Go to the line with "AF0022546_001: Armando Cassigoli, orador;" in the material below and copy from there through the line with "马丁内斯在室内训练间隙跳舞,似乎在琢磨新", exactly. Pictures are not copied.

§ EXTRACTED ENTRIES:
- - - - - - -

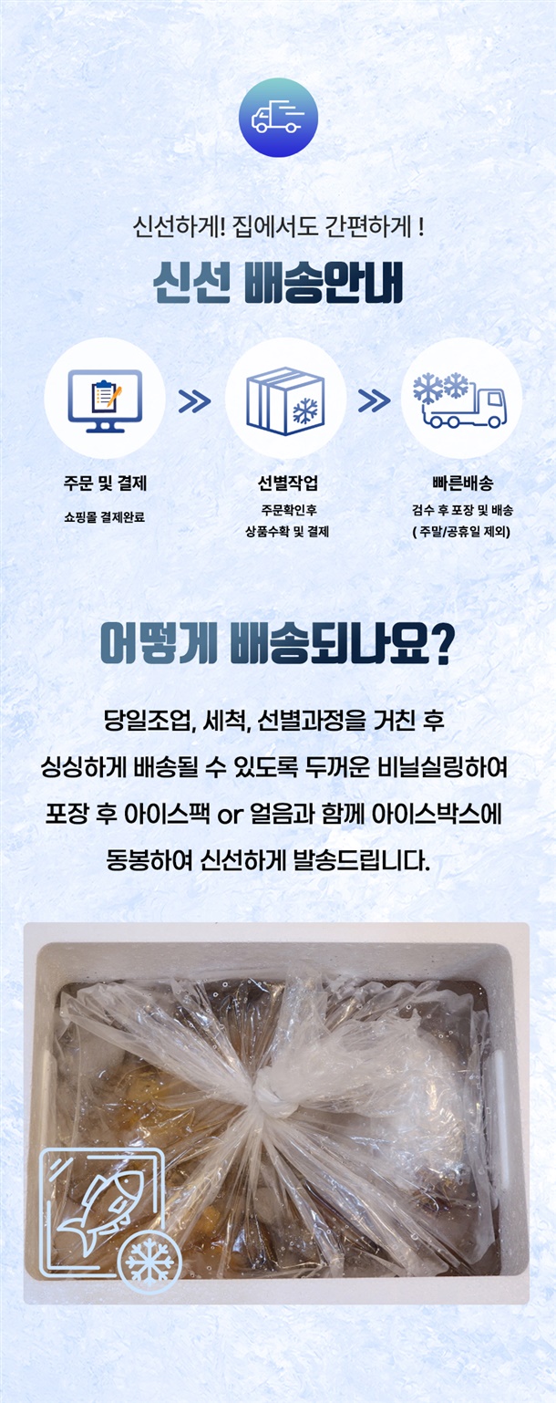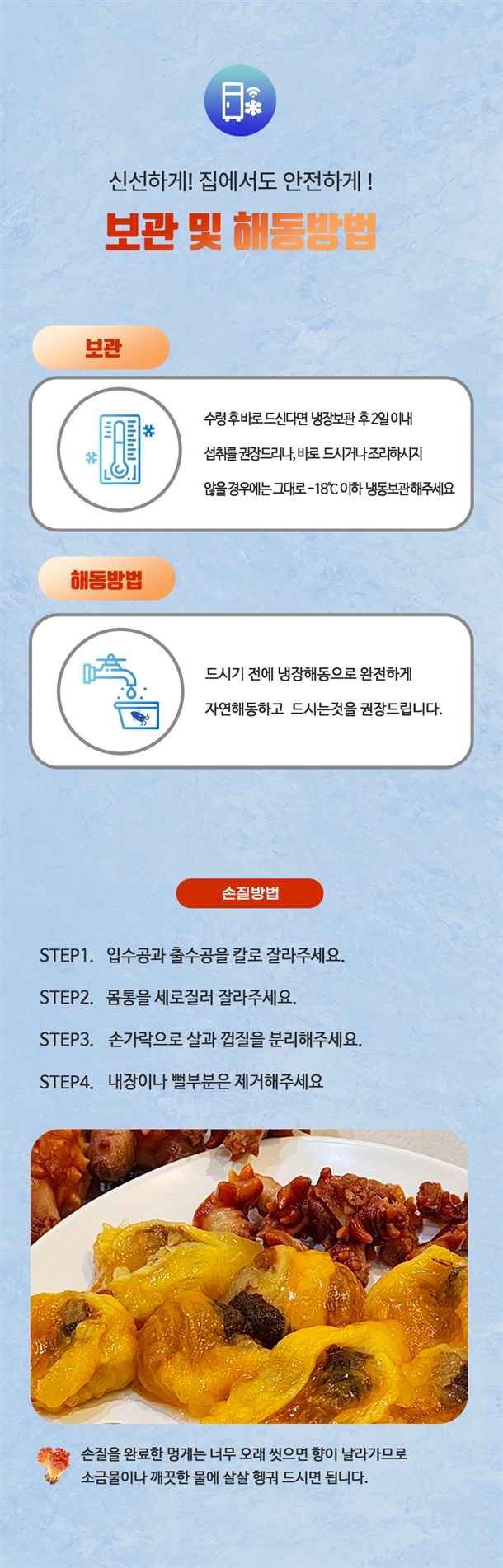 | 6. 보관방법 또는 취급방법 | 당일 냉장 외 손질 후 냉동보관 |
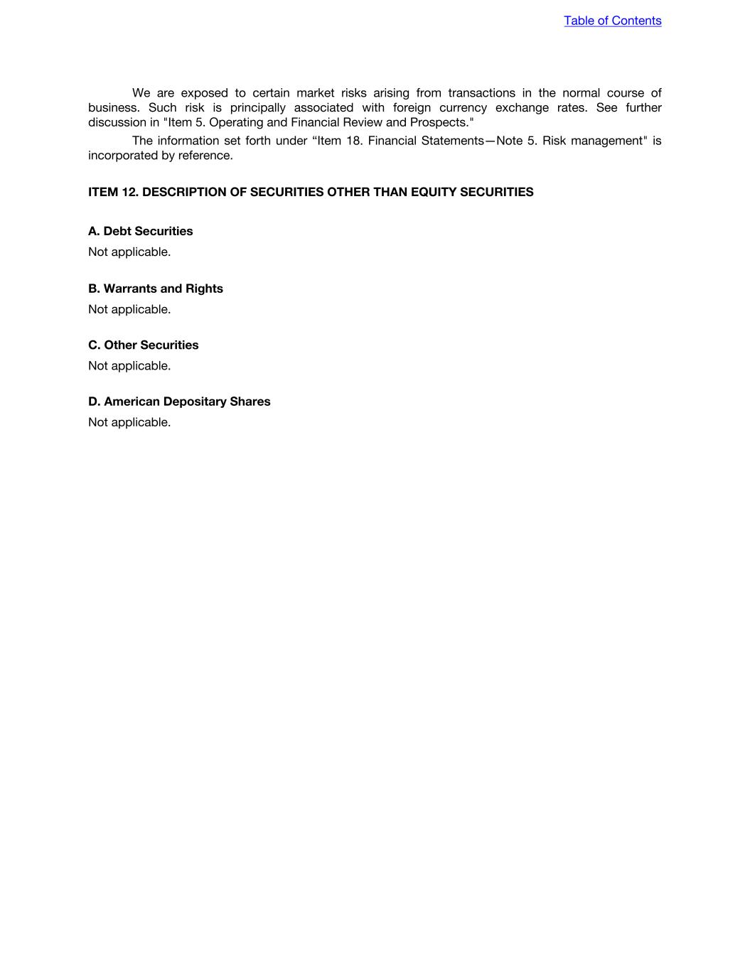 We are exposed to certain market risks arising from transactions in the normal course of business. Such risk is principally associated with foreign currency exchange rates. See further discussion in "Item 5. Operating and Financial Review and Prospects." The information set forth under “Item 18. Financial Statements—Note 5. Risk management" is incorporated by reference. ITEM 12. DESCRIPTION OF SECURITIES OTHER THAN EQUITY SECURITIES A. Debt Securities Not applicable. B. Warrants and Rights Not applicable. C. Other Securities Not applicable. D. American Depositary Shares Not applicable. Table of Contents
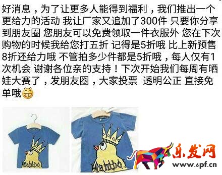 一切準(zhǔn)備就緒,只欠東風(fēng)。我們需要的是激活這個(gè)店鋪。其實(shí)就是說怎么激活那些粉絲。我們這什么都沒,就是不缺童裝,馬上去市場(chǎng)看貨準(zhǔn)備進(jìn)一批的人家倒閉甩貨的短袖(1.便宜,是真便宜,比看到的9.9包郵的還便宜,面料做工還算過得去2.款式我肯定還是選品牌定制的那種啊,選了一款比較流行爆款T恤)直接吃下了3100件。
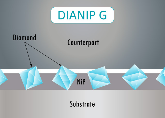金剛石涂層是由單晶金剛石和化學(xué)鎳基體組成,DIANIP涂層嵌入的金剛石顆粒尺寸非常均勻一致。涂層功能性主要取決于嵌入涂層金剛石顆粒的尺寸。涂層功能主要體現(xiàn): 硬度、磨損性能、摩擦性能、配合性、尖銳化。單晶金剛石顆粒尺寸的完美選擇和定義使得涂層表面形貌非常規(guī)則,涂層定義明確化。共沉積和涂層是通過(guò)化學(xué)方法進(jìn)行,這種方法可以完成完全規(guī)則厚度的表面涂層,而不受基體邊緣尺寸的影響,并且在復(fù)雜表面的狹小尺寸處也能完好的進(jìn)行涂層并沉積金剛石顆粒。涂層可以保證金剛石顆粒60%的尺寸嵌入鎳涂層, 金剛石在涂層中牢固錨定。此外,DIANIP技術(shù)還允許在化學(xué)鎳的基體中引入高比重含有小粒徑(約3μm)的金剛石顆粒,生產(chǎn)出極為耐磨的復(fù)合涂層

- - - - - - -

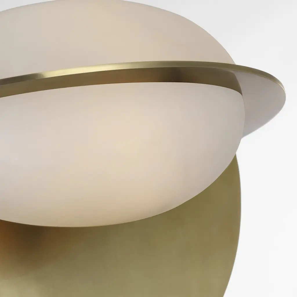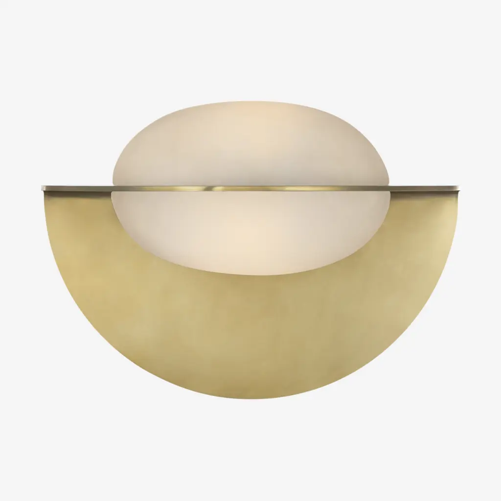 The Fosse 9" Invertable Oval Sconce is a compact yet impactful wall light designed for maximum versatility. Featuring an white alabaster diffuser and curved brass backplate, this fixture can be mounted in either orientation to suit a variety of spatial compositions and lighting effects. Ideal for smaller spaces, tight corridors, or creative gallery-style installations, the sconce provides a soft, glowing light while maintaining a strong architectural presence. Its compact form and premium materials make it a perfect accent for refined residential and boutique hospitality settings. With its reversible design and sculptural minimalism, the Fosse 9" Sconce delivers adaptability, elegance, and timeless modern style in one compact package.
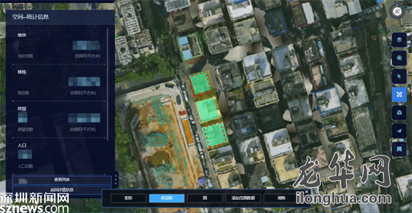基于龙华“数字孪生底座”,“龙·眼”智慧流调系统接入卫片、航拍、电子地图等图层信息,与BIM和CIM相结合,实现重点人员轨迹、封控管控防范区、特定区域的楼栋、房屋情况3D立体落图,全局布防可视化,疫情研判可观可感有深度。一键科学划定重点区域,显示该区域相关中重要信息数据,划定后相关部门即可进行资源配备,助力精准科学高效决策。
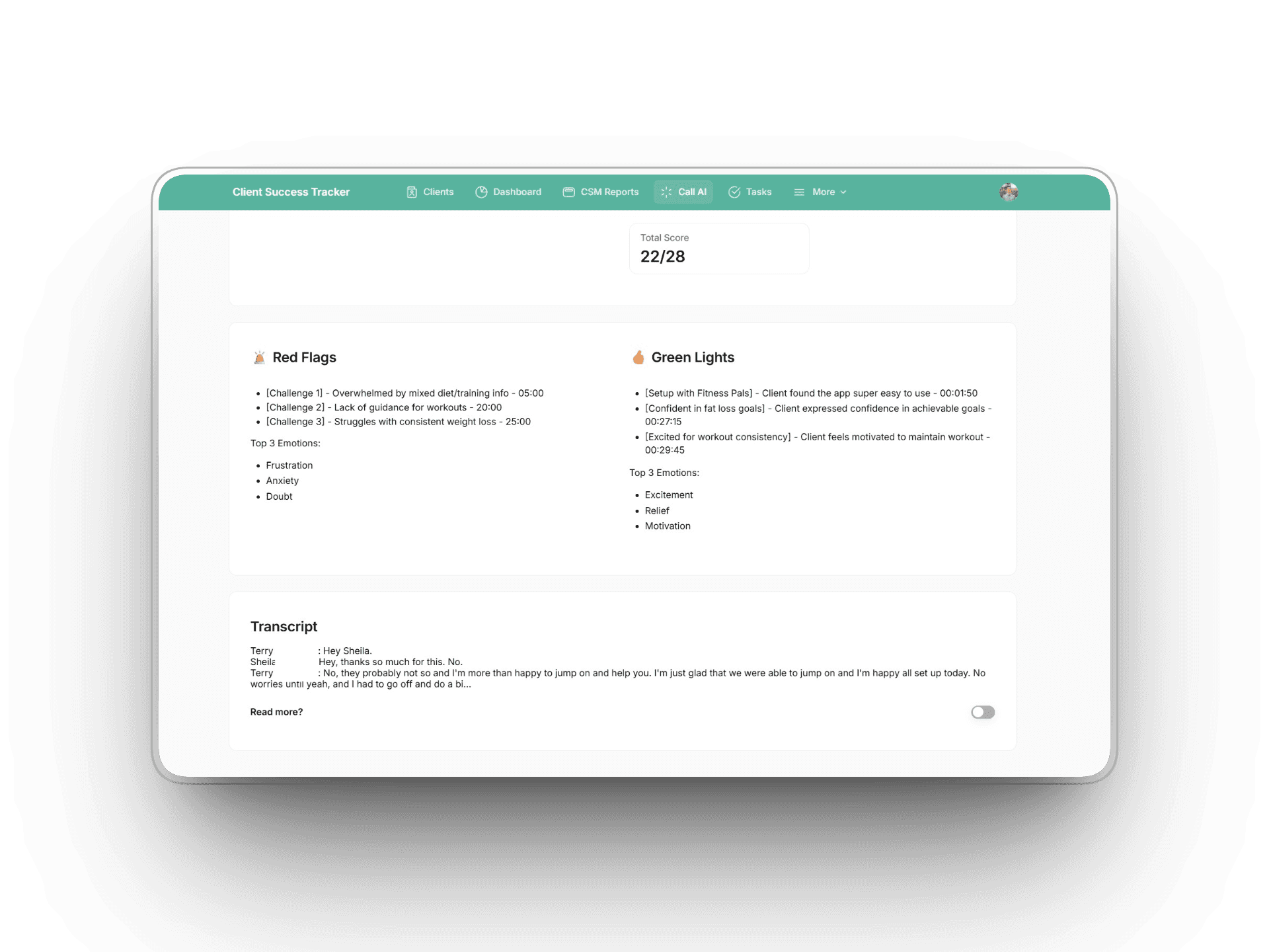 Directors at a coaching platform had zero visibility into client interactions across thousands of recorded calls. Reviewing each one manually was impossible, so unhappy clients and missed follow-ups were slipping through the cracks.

- - - - - - -

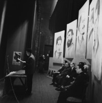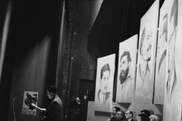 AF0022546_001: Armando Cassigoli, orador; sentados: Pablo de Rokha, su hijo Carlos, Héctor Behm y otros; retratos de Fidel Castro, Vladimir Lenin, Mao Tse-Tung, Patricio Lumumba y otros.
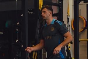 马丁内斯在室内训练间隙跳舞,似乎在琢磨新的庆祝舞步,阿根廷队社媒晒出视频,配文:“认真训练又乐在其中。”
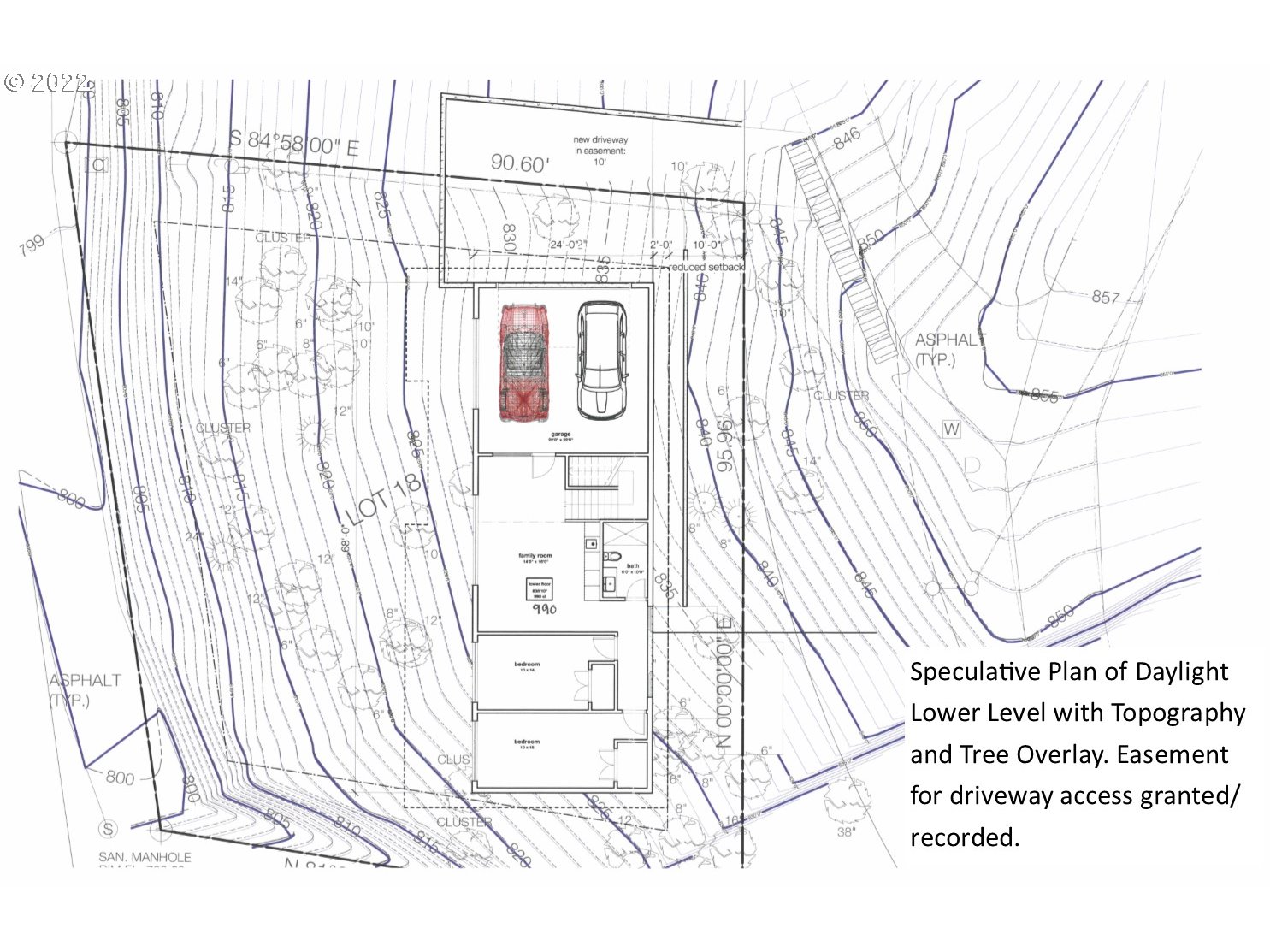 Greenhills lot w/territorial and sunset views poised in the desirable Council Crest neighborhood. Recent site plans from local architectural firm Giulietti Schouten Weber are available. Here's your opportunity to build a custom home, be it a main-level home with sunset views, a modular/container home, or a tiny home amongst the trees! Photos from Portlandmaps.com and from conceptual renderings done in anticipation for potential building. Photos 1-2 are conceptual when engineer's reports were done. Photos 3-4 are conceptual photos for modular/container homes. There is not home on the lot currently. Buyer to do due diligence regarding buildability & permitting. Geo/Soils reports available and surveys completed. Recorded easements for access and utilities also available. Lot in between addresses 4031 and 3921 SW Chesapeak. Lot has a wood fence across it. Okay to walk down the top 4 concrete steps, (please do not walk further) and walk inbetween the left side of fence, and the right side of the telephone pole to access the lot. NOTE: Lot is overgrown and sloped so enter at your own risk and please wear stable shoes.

- - - - - - -

§ WORKED SOLUTION:
 AF0022546_001: Armando Cassigoli, orador; sentados: Pablo de Rokha, su hijo Carlos, Héctor Behm y otros; retratos de Fidel Castro, Vladimir Lenin, Mao Tse-Tung, Patricio Lumumba y otros.
 马丁内斯在室内训练间隙跳舞,似乎在琢磨新的庆祝舞步,阿根廷队社媒晒出视频,配文:“认真训练又乐在其中。”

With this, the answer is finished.